Author: Eiji Takimoto

Affiliation:Department of Informatics, Kyushu University
Fukuoka, Japan

Abstract. We study online linear optimization problems over combinatorial concept classes $ \mathcal{C} \subset \mathbb{R}^n$ that are defined in some combinatorial ways. Examples of such classes are $ s$ -$ t$ paths in a given graph, spanning trees of a given graph, permutations over a given set, truth assignments for a given CNF formula, set covers of a given subset family, and so on. Typically, those concept classes are finite but contain exponentially many concepts. The problem for a concept class $ \mathcal{C}$ is described as follows: At each trial $ t$ , the algorithm chooses a concept $ \boldsymbol{c}_t \in \mathcal{C}$ , the adversary returns a loss vector $ \boldsymbol{\ell}_t \in [0,1]^n$ , and the algorithm incurs a loss given by $ \boldsymbol{c}_t \cdot \boldsymbol{\ell}_t$ . The goal of the algorithm is to make the cumulative loss not much larger than that of the best concept in $ \mathcal{C}$ .

One of the major approaches to the problem is to apply Follow the Regularized Leader (FTRL) framework, in which two external procedures projection and decomposition are assumed to be implemented. In other words, for each concept class $ \mathcal{C}$ , we need to design algorithms for the two procedures. In this talk, we give a projection and decomposition algorithms that work efficiently and uniformly for a wide class of concept classes. More precisely, if the convex hull of $ \mathcal{C}$ is a submodular base polyhedron specified by a submodular functoin $ f$ , then the two procedures are computed in polynomial time, assuming that $ f$ can be computed in polynomial time.

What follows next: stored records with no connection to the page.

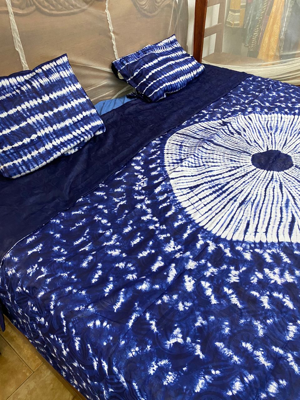 Drap ou dessus de lit en bazin (tissu damassé 100% coton), teint et cousu à la main, finitions soignées.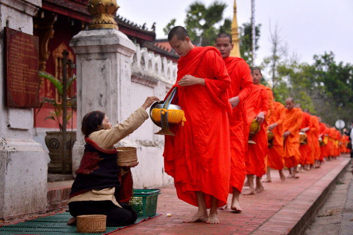 在老撾的許多地方,布施是一道獨特的風景。每天拂曉,僧人們會離開寺院,身披橙色袈裟,結(jié)隊到街道上或村莊里化齋。虔誠的佛教徒跪在道路的一邊,雙掌合十,接受僧侶誦經(jīng)祝福。誦經(jīng)完畢,僧侶們排著隊伍依次從人們的面前赤腳行過,人們把米飯、餅干、水果、雞肉等食物放進僧人們的竹編小籃中。這些食品,就是僧人們一天的口糧。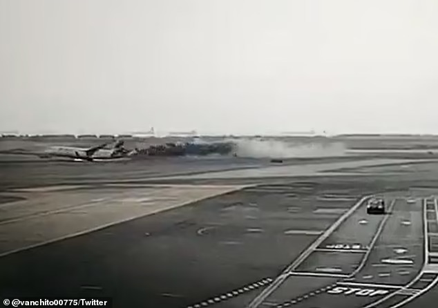 Видеото од несреќата покажува дека камионот бил погоден од крило на авионот и предизвикало свиткување на некои од тркалата на авионот. Авионот се лизнал на подвозјето на стотина метри по пистата, а дел од него се запалил.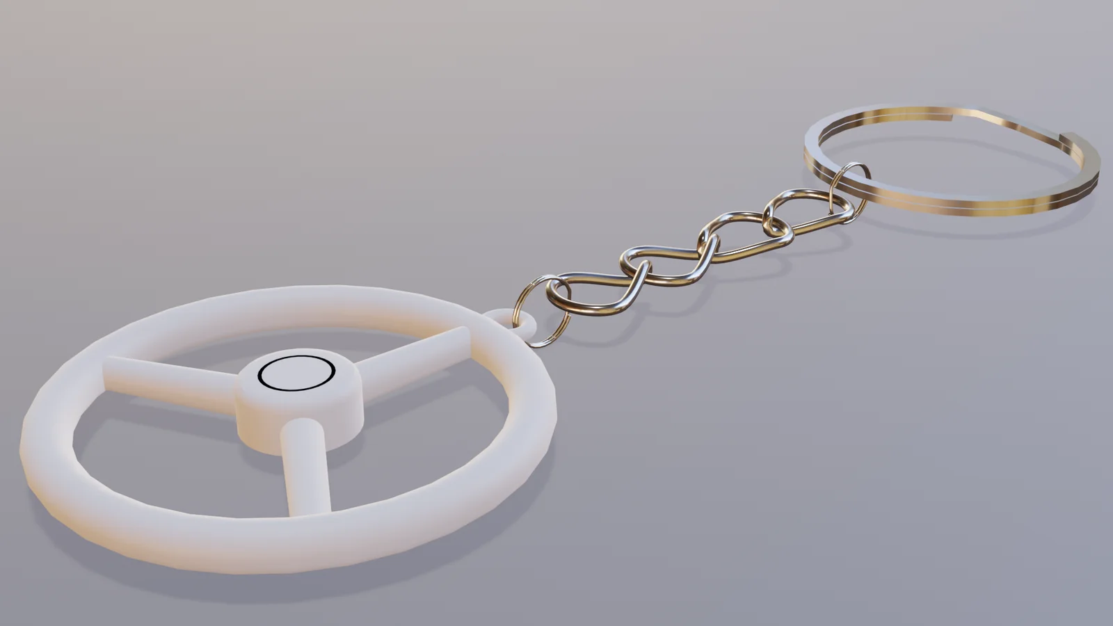 This is a 3D model of a 3-spoke keychain designed for use in Euro Truck Simulator 2 (ETS2). The model features 2K resolution ambient occlusion baking. It is provided in .pmd format. Users will need to use Blender or Zmodeler to add the keychain to their truck models.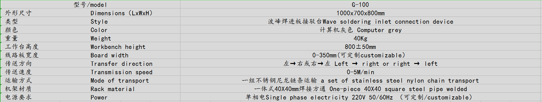 ● 高度和傾斜度可根據波峰焊調節,保證產品安全送入波峰焊
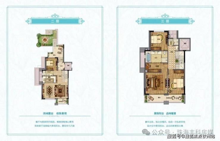 一线伶仃洋海景,将园林风景藏入家中,上叠位置最高,私密性相对较高,共3层空间,4楼可打造成公共休闲区;5楼则是纯粹休息区;顶层分为阁楼和露台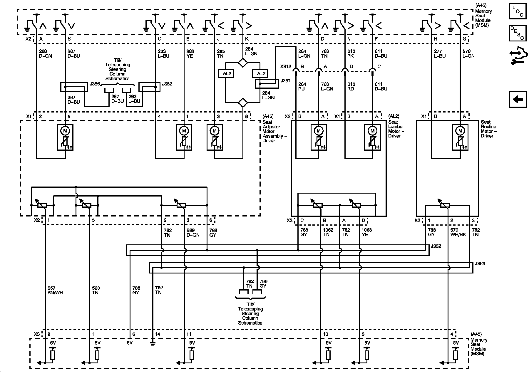 Memory Seat Module Power, Ground and DLC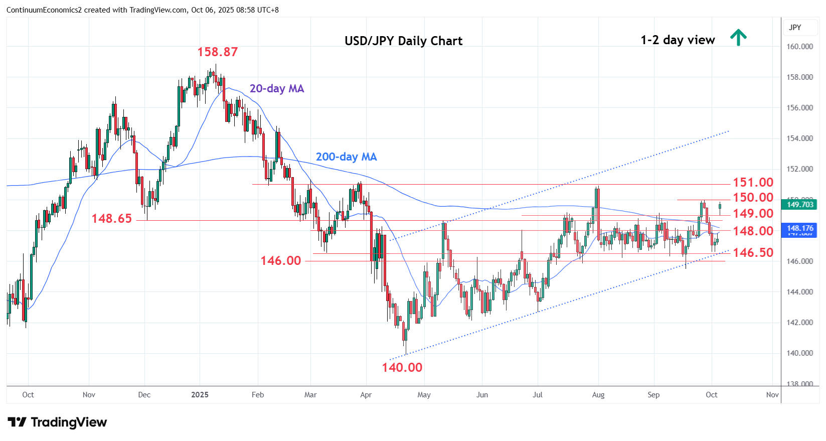 01:00 GMT - Gapped up at the open above the 149.00 level see prices poised for retest of the 150.00 level. Daily and weekly studies have turned positive and suggest scope for break here to extend gains within the bullish channel from the April low. Higher will see scope to retest the August high at 150.92 and the 151.00 level. Beyond this will return focus to the 151.65 61.8% Fibonacci level and the 151.90/95, 2023/2022 year highs. Meanwhile, support at the 149.00/148.65 congestion and December low now expected to underpin.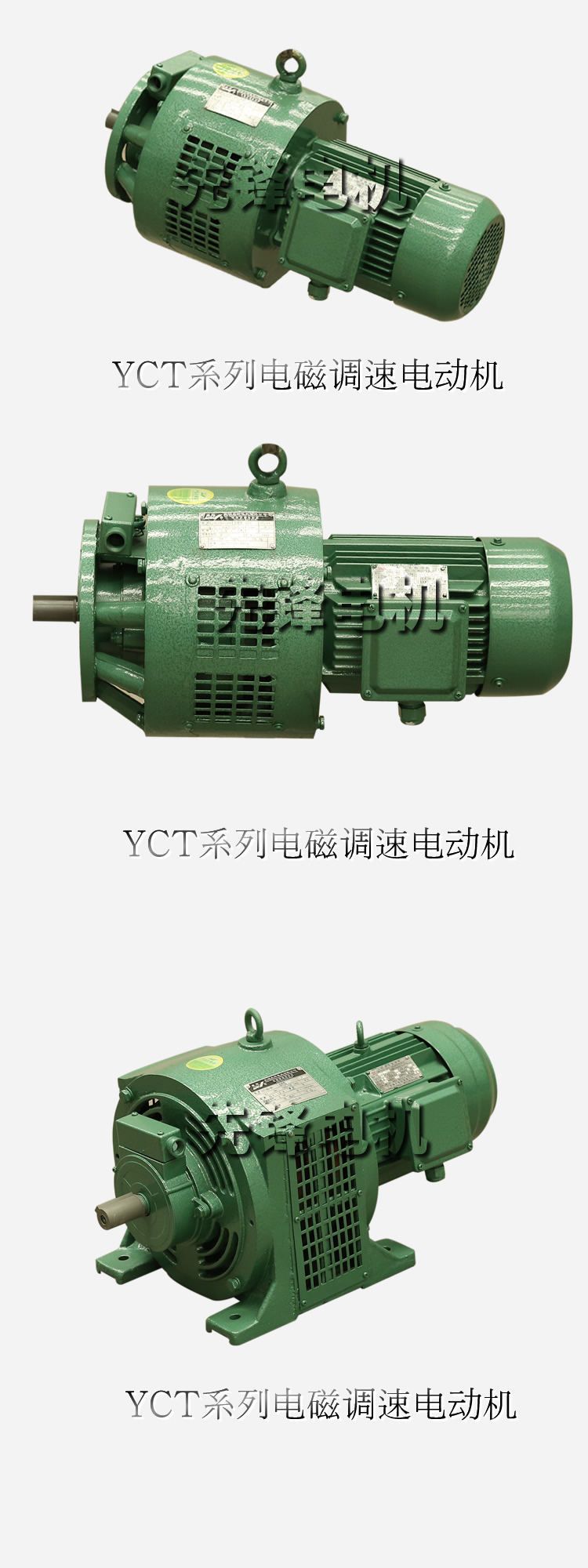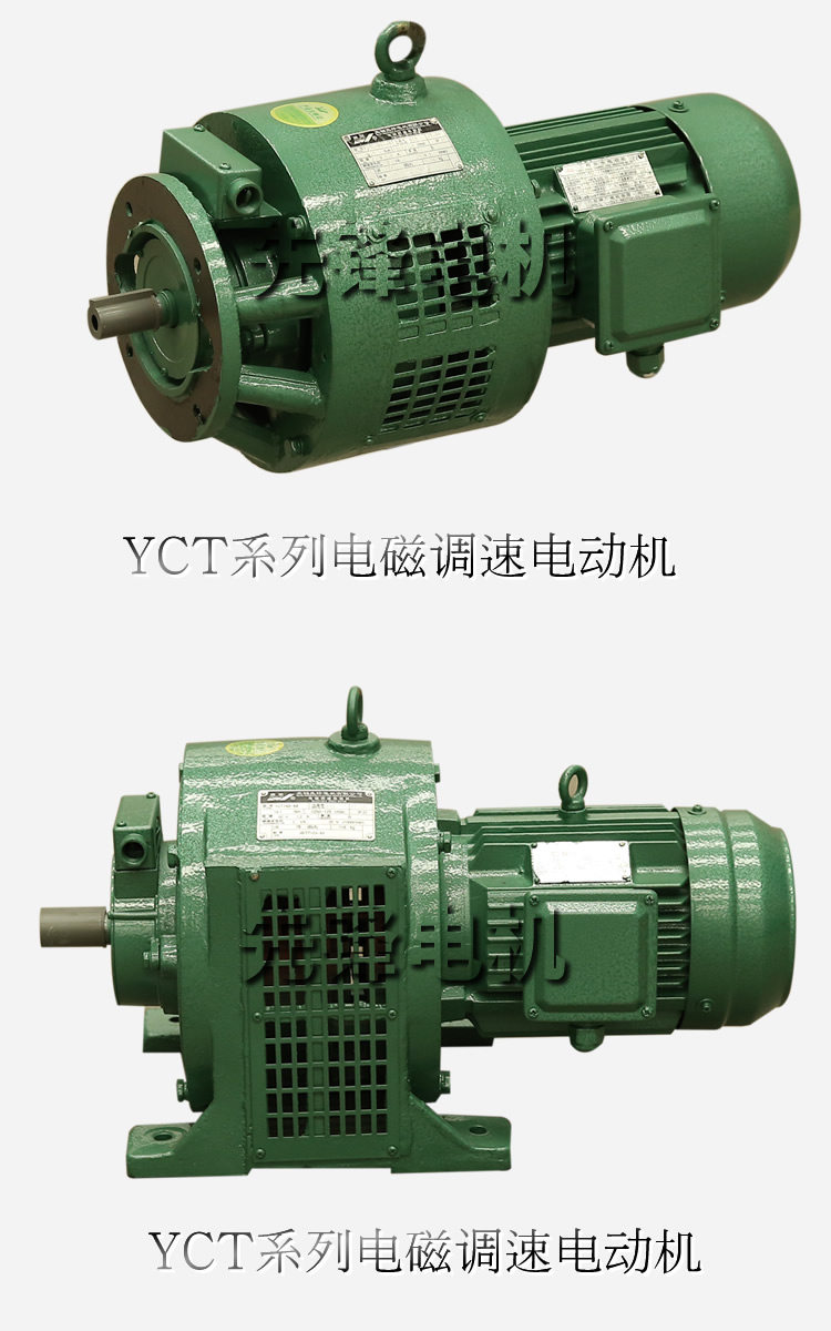 YCT系列電磁調速電動機是機械工業(yè)部組織的Y系列異步電動機的主要派生系列。電磁調速電動機由拖動電機(Y系列電動機)、電磁轉差離合器和控制器三部份組成,可用于恒轉距負載場合,特別適宜在遞減轉矩負載中使用(例如離心式水泵和風機),有較明顯的節(jié)能效果。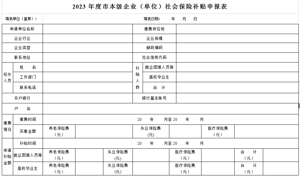 (四)《2023年度市本級(jí)企業(yè)(單位)社會(huì)保險(xiǎn)補(bǔ)貼申報(bào)表》(見(jiàn)附件);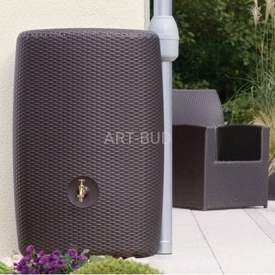 Plastikowy dekoracyjny 300-litrowy zbiornik na wodę deszczową SUNDA, to praktyczne i ekonomiczne rozwiązanie problemu, taniej, efektywnej wody użytkowej, a jednocześnie efektowne uzupełnienie małej architektury Twojego ogrodu. Faktura zewnętrzna pojemnika z polietylenu kształtem przypominająca kosz, odwzorowuje wiernie produkty z syntetycznego rattanu i doskonale komponuje się z meblami ogrodowymi z technorattanu w podobnym kolorze.

Another approach is to use an offline algorithm as an oracle to construct an online algorithm. Here, the offline algorithm solves the corresponding offline optimization problem. Follow the perturbed leader (FPL) and the Online Frank-Wolfe (OFW) are of this type. In this talk, we consider a harder but typical case where the offline optimization problem for $ \mathcal{C}$ is NP-hard, for which none of the FTRL, FPL and OFW work. The FTRL has been generalized so that it works when an offline approximation algorithm is available. However, it is not efficient enough. In this talk, we give a more efficient online algorithm using an offline approximation algorithm which has a guarantee of a certain integrity gap.